Spark Setup and Installation

You can run Spark on your laptop for learning without needing a cluster. This topic covers three ways to get started: local installation, Google Colab (browser-based, zero setup), and Docker.

Prerequisites

  • Java 8 or 11 — Spark runs on the Java Virtual Machine (JVM)
  • Python 3.7+ — required for PySpark
  • At least 4 GB RAM — 8 GB recommended for smooth local runs

Option 1: Install PySpark via pip (Easiest)

PySpark is available as a Python package. This approach installs everything you need in one command and works on Windows, macOS, and Linux.

# Step 1: Install Java (if not already installed)
# Download from: https://adoptium.net

# Step 2: Install PySpark
pip install pyspark

# Step 3: Verify the installation
python -c "import pyspark; print(pyspark.__version__)"

First Program After pip Install

from pyspark.sql import SparkSession

spark = SparkSession.builder \
    .appName("HelloSpark") \
    .master("local[*]") \
    .getOrCreate()

print("Spark version:", spark.version)
spark.stop()

The local[*] setting tells Spark to run locally and use all available CPU cores.

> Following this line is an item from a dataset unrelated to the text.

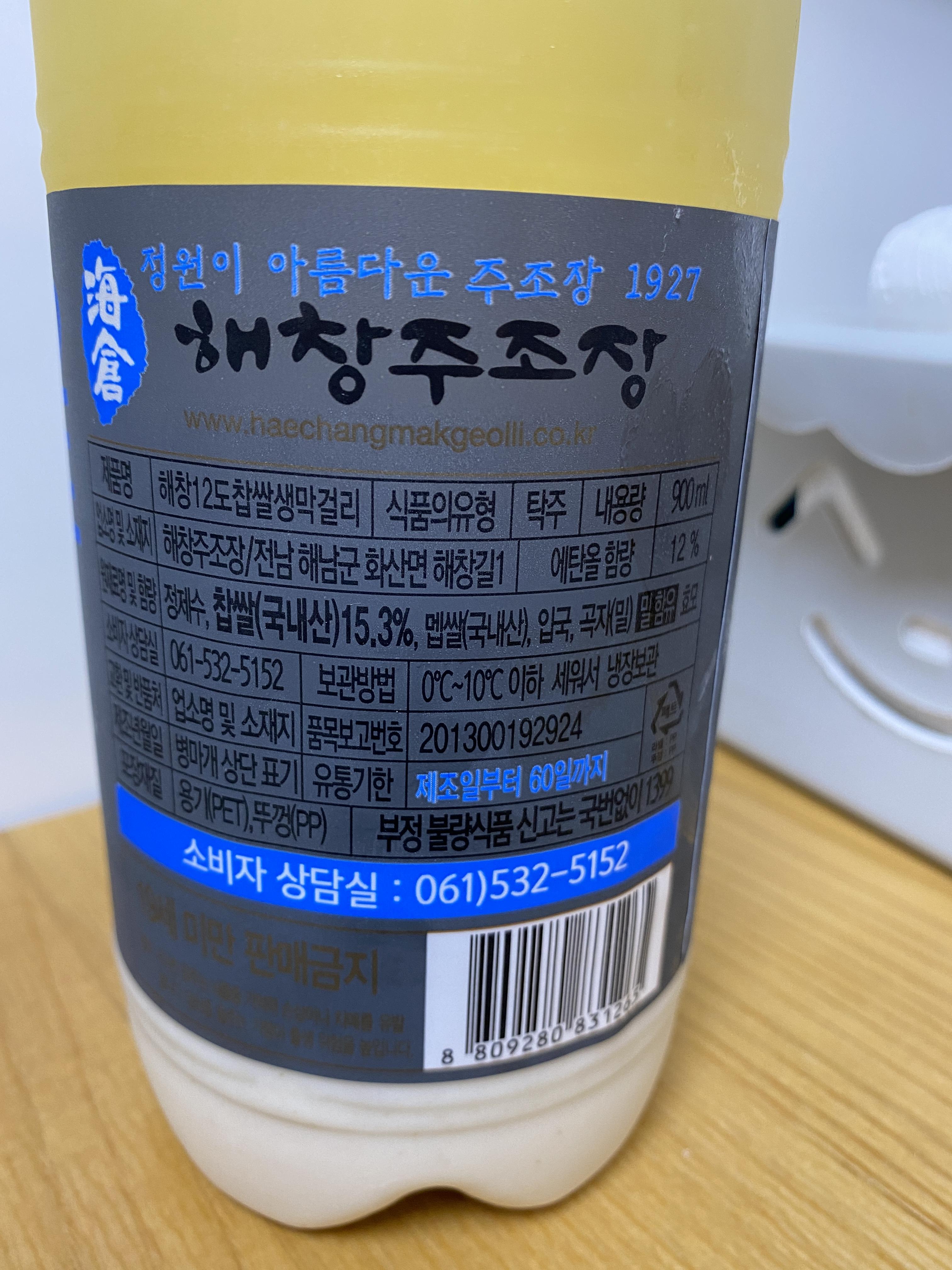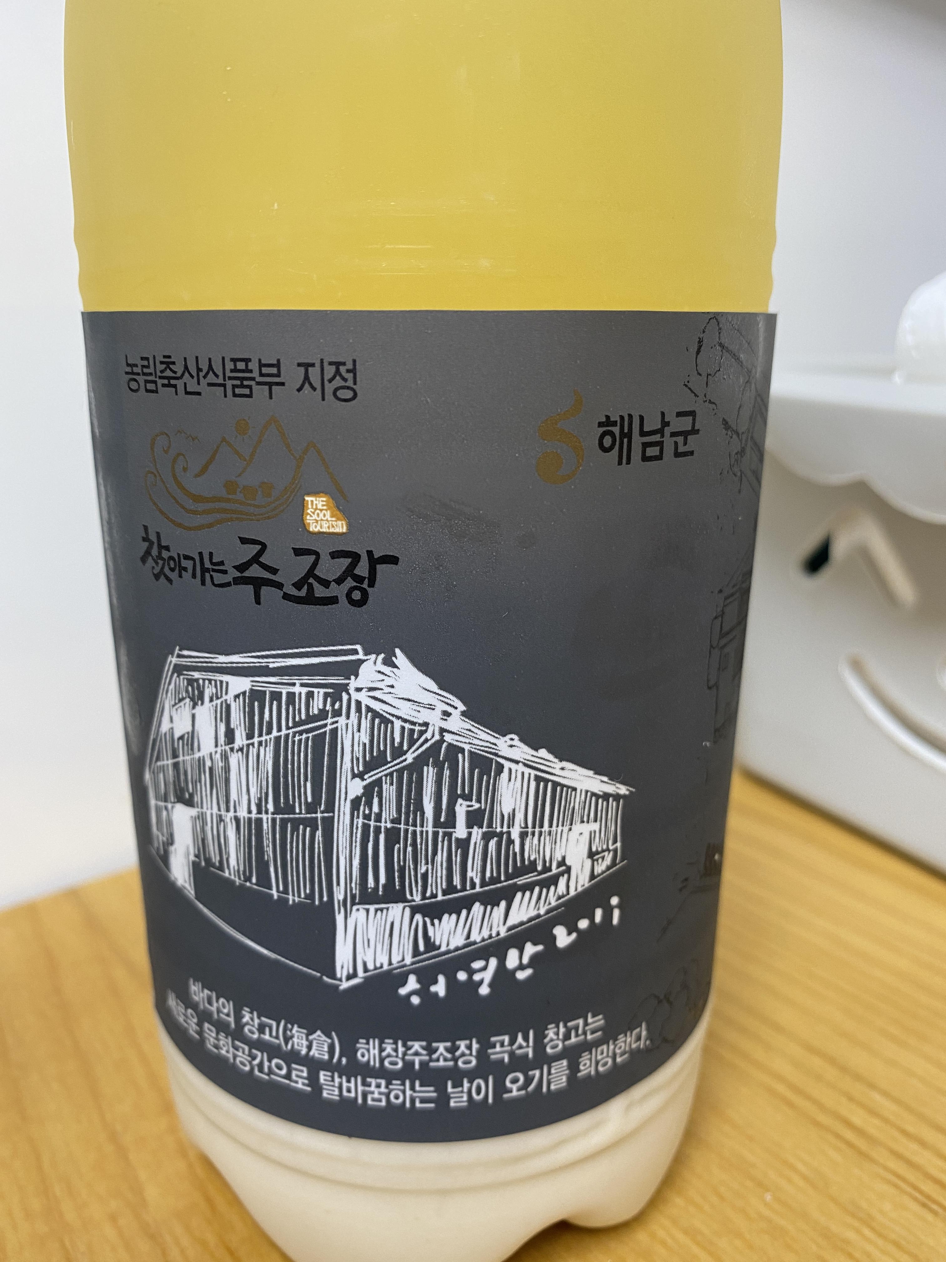 해창 막걸리는 유통기한이 한달인데, 나는 딱 보름지난 상태에서 먹었다. 우선 섞기 전의 상태를 보자. 지난번에 먹었던 대대포보다 더 노란색임을 볼 수 있다.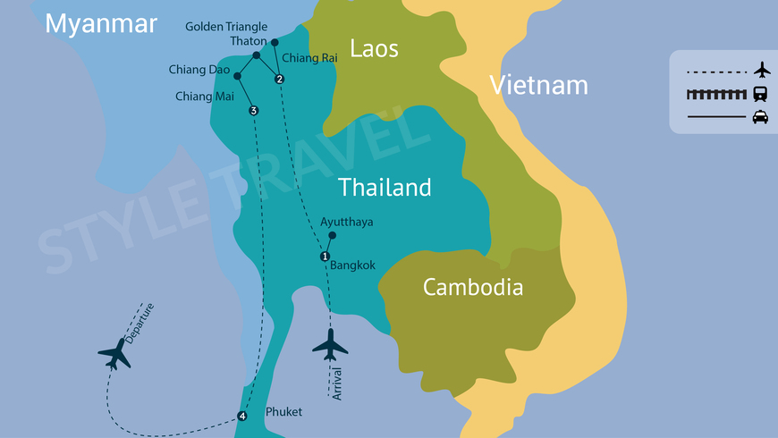 Bangkok – Ayutthaya – Chiang Rai – Triângulo Dourado – Chiang Mai – Doi Inthanon – Phuket

Option 2: Google Colab (No Installation)

Google Colab runs in your browser and provides free compute. This is the fastest way to start if you do not want to install anything locally.

# Run this in a Colab cell
!pip install pyspark

from pyspark.sql import SparkSession
spark = SparkSession.builder.master("local[*]").getOrCreate()
print(spark.version)

Option 3: Docker

Docker containers provide a clean, reproducible Spark environment that works identically on any machine.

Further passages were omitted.